I would but they are melted at the bottom of a 44 gallon drum, would be hard to sort them apart from the 12g ones now  :Sad:

----------


## mikee

my wee nephew was shooting my 20g this weekend (with 28g inserts and a bit of help from dad) was managing to hit stationary clays at 15m.
Dad help with the holding the gun but he aimed it and made it go. I removed 2/3 of the shot to cut down the recoil (he is only 5 after all). Little bugger nearly ran me out of ammo!!!!!

If your son's shooting an U/O and wants something better than a 410 with less boot than a 20 your welcome to borrow them

----------


## R93

> my wee nephew was shooting my 20g this weekend (with 28g inserts and a bit of help from dad) was managing to hit stationary clays at 15m.
> Dad help with the holding the gun but he aimed it and made it go. I removed 2/3 of the shot to cut down the recoil (he is only 5 after all). Little bugger nearly ran me out of ammo!!!!!
> 
> If your son's shooting an U/O and wants something better than a 410 with less boot than a 20 your welcome to borrow them



Thanks Mikee. He shoots his/our benelli 20g just fine. He has shot a few ducks now and getting handy on clays.

----------


## puku

Hey Dave I sourced some primers from a guy in chch. I can't think of his name at present but will check emails if you want. Otherwise I think people suggested I try willam arms for powder and primers. (That was for 12g steel loads)
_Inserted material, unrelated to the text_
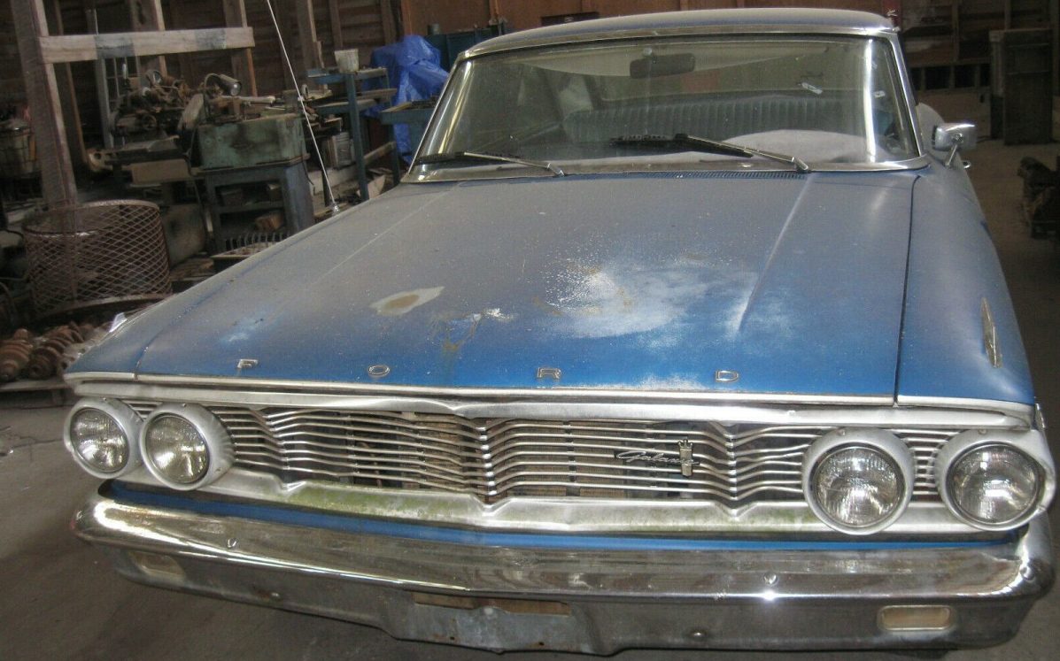 NASCAR was certainly all the rage in the ’60s, and there was a mantra that stated, “Win on Sunday, Sell on Monday”. At one time I thought, naively, that meant, well if you win a race on Sunday, the car won’t be worn a darn on Monday so you better ditch it, right? Talk about being slow on the uptake…But there was a prevailing belief that a stock car brand that won a Sunday race would lead to retail sales following the win. Was it true and verifiable? I don’t know but that was the belief. And one manufacturer who wanted to get a hold of some of that winning and sales action was the Ford Motor Company. Midway through 1963, Ford upped the ante on their 406 CI top-drawer motor and enlarged it to 427 cubic inches. The problem was that their box-top Galaxie wasn’t up to the aero challenge so that too got a makeover into the new for 1963 “Sports” hardtop which resembled a convertible top in the raised position. Dubbed a 1963.5 model as a mid-year introduction, the improved aerodynamics helped with winner circle achievement. The following year, 1964, presented a slight facelift and that’s what we have found here, a 1964 Ford Galaxie 500 “Sports” hardtop. Located in Quincy, Florida, it is available here on eBay for a starting bid of $3,500, zero bids tendered so far, or a BIN price of $4,550.
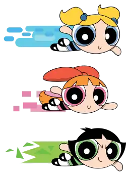 ![]() From top to bottom: Bubbles, Blossom and Buttercup as they appear in The Powerpuff Girls (2016 TV series) | |

Sent from my GT-I9300 using Tapatalk

----------


## R93

That would be good if you can find out, thanks Puku.

----------


## mikee

Or, Talk to James or Neil at Stirling Sports - Richmond, 035448290
I am sure they can help you

----------


## puku

Craig Maylam was the guy. And he suggested Richard at Wilhelm Arms. But Richard may have only had the hi skor 800x that I needed. 
Do gun works stock shotgun powder? 

Sent from my GT-I9300 using Tapatalk

----------


## R93

I have tons of powder. Just need primers, wads and hulls. I have a couple slabs of gamebore I have not fired off yet so I probably can try reloading those shells first.

----------


## puku

Ok. I could have a look at how many primers I have here if you struggle. It will get you going at least.
What powder is it?

----------


## R93

I have Herc green and red dot equivalents.......I think? I have not even got a 20g press yet Puku, so no panic on the primers, thanks.

----------


## madds

Hi 'old' 93, Browny would have primers and he actually sells it all made up! More your style so you don't have to get off the couch LOL!!!
Long time no speak, give me a call if/when your in CHCH.
CHEERS!!

----------


## TeRei

For years we loaded shottie ammo in 12g for our Benelli's. Got my son the 20g M2. Unfortunately we use bugger all shells because he 90% time smokes the pheasants with 1 shot. The 20g beats the 12g hands down [ or is it because of his skill level?]. Essentially saying the 20g has lead to a reduction in the ammo used.The MEC is basically a fail safe way to produce good ammo. :Thumbsup:

----------


## R93

> Hi 'old' 93, Browny would have primers and he actually sells it all made up! More your style so you don't have to get off the couch LOL!!!
> Long time no speak, give me a call if/when your in CHCH.
> CHEERS!!


Browny would see me coming a mile off Madds. The whole point is to start my boy off reloading the way I did. I get in late to CHCH when you're our prowling the streets. I will give you a buzz soon mate. Will have some more meat for you as well, with any luck.

----------


## madds

Always appreciated, 'OLD MATE!!!

----------